Richard Florida: On the other side of the crisis, America’s economic landscape will look very different than it does today. Will the suburbs be ineffably changed? Which cities and regions can come back strong? And which will never come back at all? No place in the United States is likely to escape a long and deep recession. As the crisis deepens, it will permanently and profoundly alter the country’s economic landscape. I believe it marks the end of a chapter in American economic history, and indeed, the end of a whole way of life. Suburbanization was the spatial fix for the industrial age. It made sense, for a time. How do we move past the bubble, the crash, and an aging, obsolescent model of economic life? Instead of resisting foreclosures, the government should seek to facilitate them. We can’t stop the decline of some places, and we would be foolish to try. We need to let demand for the key products and lifestyles of the old order fall.

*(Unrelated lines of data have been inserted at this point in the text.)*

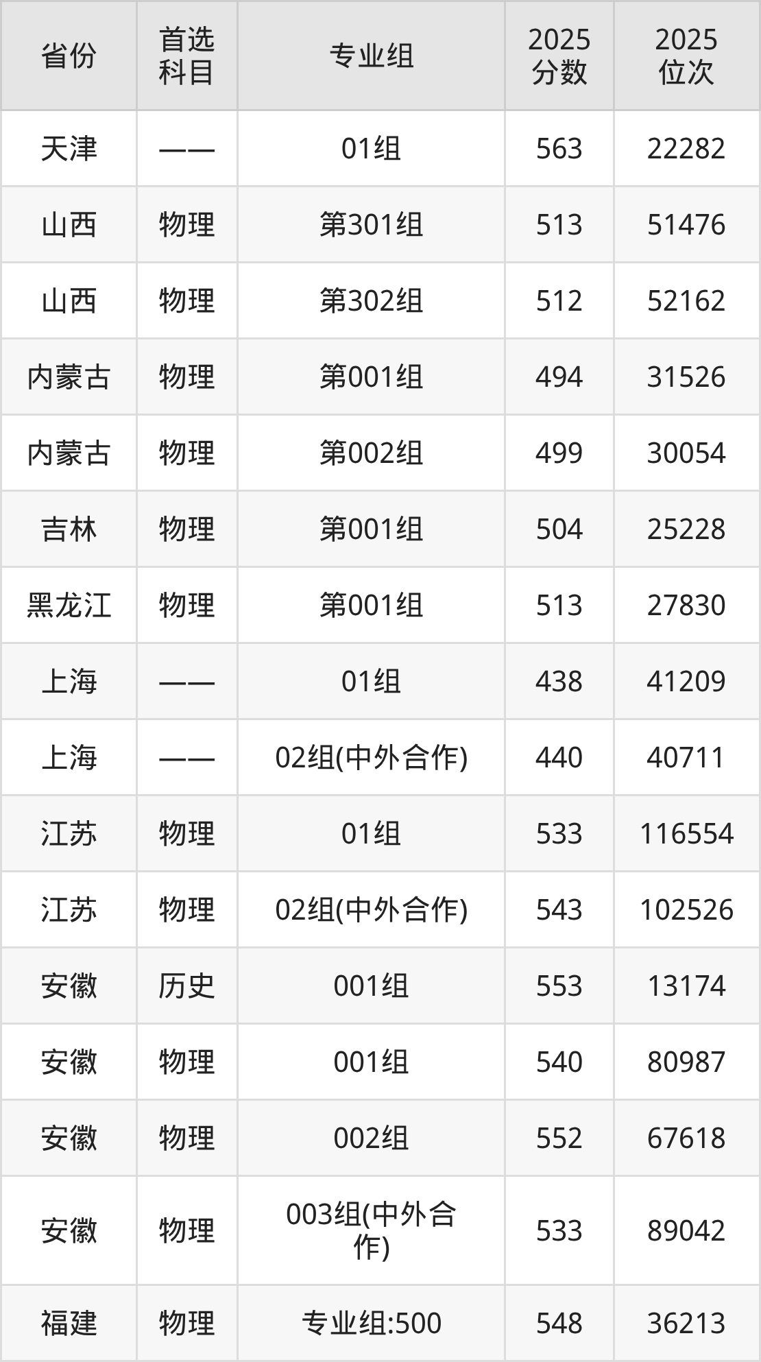因为大部分地区目前只公布了院校(专业组)分数线,为了方便2026年考生参考,本文就整理出嘉兴大学在全国各省不同科类的最低分: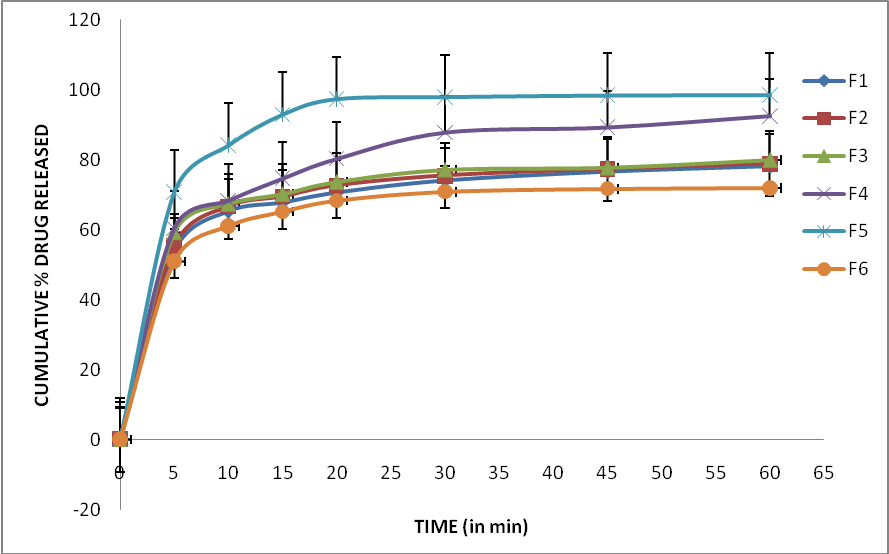 Fig. 1: Drug release profiles of telmisartan FDTs prepared by wet granulation method (F1–F6); mean±SEM, n=3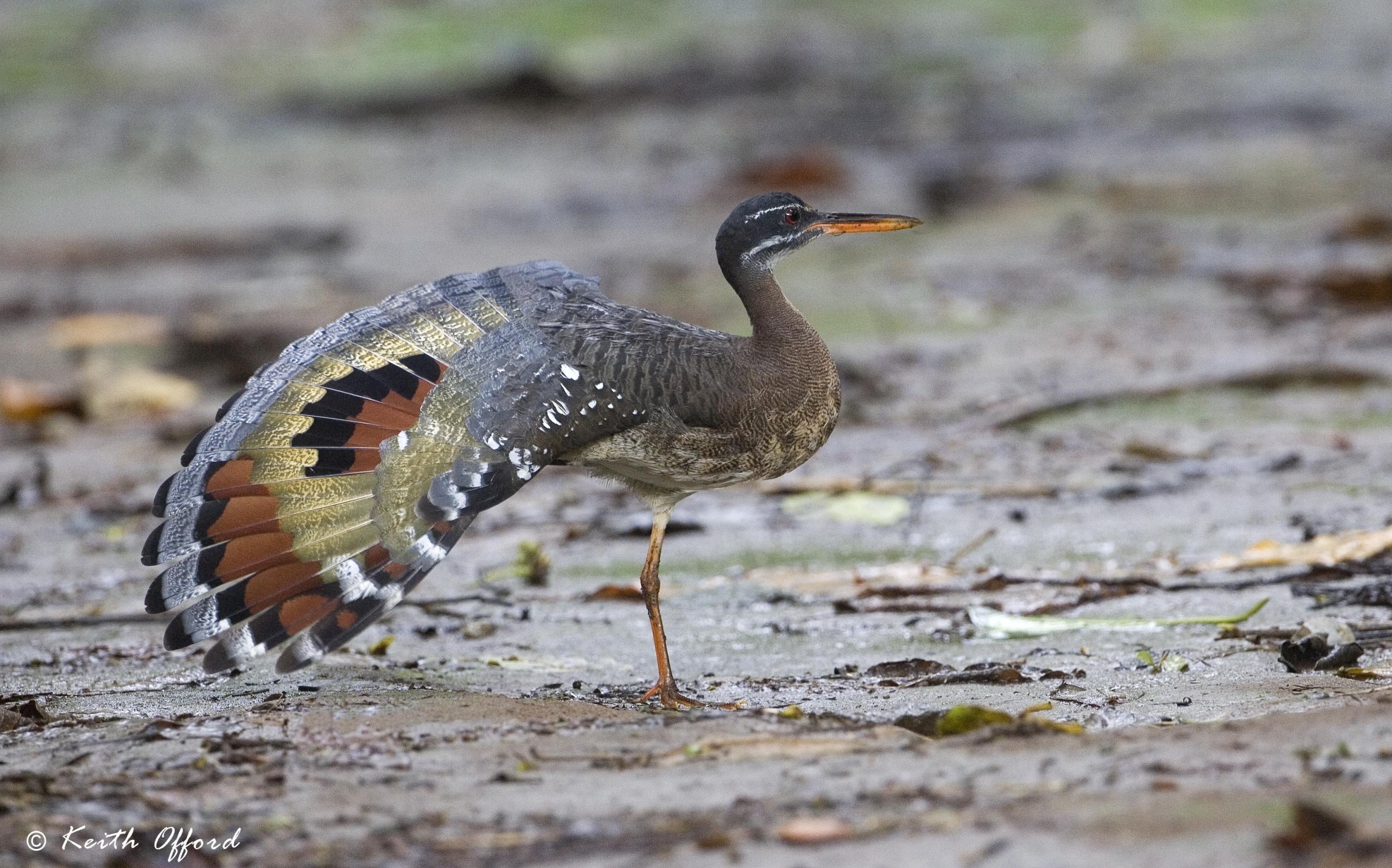 It had rained overnight and this Sunbittern was looking for frogs along riverside tracks, early in the morning. I had managed to position myself so it was walking toward me and this was the moment I had been waiting for - a full wing-stretch showing the incredible colours.

Jane Jacobs: When a place gets boring, even the rich people leave.
Paul Romer: A crisis is a terrible thing to waste.
Peter Schiff: We need a serious recession in this country, and the government needs to get out of the way, and let it happen.
Verlyn Klinkenborg: Someone from the future, I’m sure, will marvel at our blindness and at the hole we have driven ourselves into.
Alec Dubro: The personal automobile must be abandoned, and quickly.
From a year ago: Fundamental changes in American life may turn today’s McMansions into tomorrow's tenements.
Have you seen "Revolutionary Road"? Hopeless emptiness. Now you've said it. Plenty of people are onto the emptiness, but it takes real guts to see the hopelessness.